Solution review

When validation passes, our experts will review your solution and schedule to run it automatically. If needed, though, we may reach out to you and ask to minor adjustments to fit our quality bar.

Below are the stages for review:

StageDescription
ValidatorsYour code output is run through validators for particular data type. Warning level may be accepted, however code with errors will not be flagged for review in next stage
Data spot checkData produced by program is compared with data on target website by performing random spot checks as well as checking column quality and number of rows matches.
Code reviewIf data quality is good, we inspect code and make sure it uses best practises and will work longer term without breaking
Resource optimizationIf code uses to much memory, compute power of third party apps, we will look into ways to make your pipeline more efficient to reduce our cost basis.

Maintaining solution

It is likely that your solution may break at some point in the future for external factors (for example, website design changes). At the moment we don’t expect you to fix these issues, but we are working on reward system for maintaining your pipelines healthy.

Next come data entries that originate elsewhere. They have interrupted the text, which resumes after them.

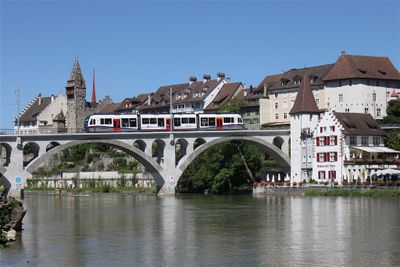 Bremgarten railroad bridge, railway bridge over the river Reuss in Bremgarten in the canton of Aargau, Switzerland
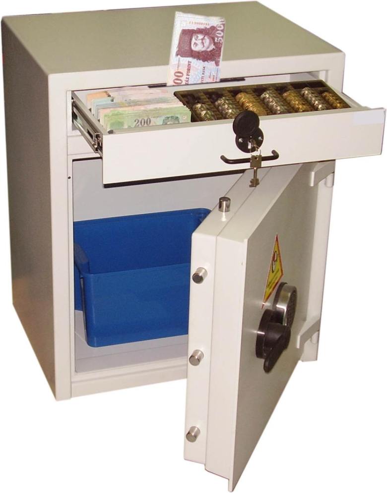 A termék pénztárfiókkal kombinált páncélszekrény. A fiókban összegyűlt nagyobb mennyiségű bankjegy, a fiók hátsó részében található bedobó nyíláson keresztül egy mozdulattal az alsó páncélszekrénybe helyezhető. A bedobó szerkezet a minősítésnek megfelelően kihalászás gátlóval védett. A bedobott bankjegyek a páncélszekrényben egy gyűjtőrekeszbe kerülnek.
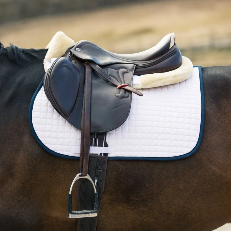 This shock-absorbing Horze Half Pad will eliminate pressure points and help your saddle fit better to ensure a comfortable ride for you and your horse. The half pad secures to the saddle with hook-and-loop fasteners and is trimmed with faux-fur at the withers and edges. Cotton/Polyester.

If pipeline breaks however, our team will create a new task (challenge) with a dedicated budget to get it fixed.

Introduction to dphelper

We have seen many scenarios and therefore decided to create set of tools which will help you automate data extraction and re-use tested patterns. We have created dphelper pip package for Python (supported version is starting 3.7). Here are some use cases where we provide you helper functions:

Parsing data. Some data will be present in unstructured way, i.e. HTML table consisting of list of strings. You can provide schema of data you expect, and we will transform it into correct format, for example (str) “100,234.00 eur” => (int) 100234. 

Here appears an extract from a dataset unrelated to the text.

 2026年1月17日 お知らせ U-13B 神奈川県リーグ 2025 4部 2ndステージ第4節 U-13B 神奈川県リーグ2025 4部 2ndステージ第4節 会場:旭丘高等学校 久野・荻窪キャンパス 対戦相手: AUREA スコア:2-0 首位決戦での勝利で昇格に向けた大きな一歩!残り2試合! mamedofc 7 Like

Avoiding getting blocked. Some targets (websites from where we extract data) may perform extra checks and therefore result in captchas and not able to retrieve HTML content. We have integrating 3rd party tools which use proxy servers and other techniques, such as headless browsers, to solve this for you.

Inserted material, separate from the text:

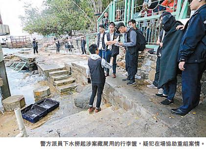 昨午2時許,大批重案組探員抵達發現死者的現場一帶調查,部分探員在岸邊搜索,飛虎隊「水鬼隊」人員奉召乘坐小艇出海打撈涉案證物,稍後疑犯被押至華貴對開岸邊協助調查,3名蛙人根據疑犯所指方向落水,終在距離岸邊5至10米撈起一個藍色行李篋,篋上附有牛皮膠紙,相信是用作藏屍。警方將行李篋檢走,疑犯逗留約半小時後離開。

Data platform API. Sometimes you will have to reuse, breakdown your data acquisition pipelines to reduce complexity of pipeline and improve reusability (see best practises). We provide you with API to combine, filter, adjust data or retrieve specific snapshot for specific date. 

Getting HTML content

The standard approach of getting HTML content in Python is as follows:

import requests

r = requests.get('example.com’')
print(r.text)

The is how you could use using beautiful soup library (also popular option for web scraping). This may be valuable since it can for example strip out unnecessary whitespaces for you.

from bs4 import BeautifulSoup

import requests

# request web page
resp = requests.get("http://example.com")

# get the response text. in this case it is HTML
html = resp.text

# parse the HTML
soup = BeautifulSoup(html, "html.parser")

# print the HTML as text

Here is the pattern we recommend to use in our platform. It has added value that if needed it can use 3rd party services to avoid blocking.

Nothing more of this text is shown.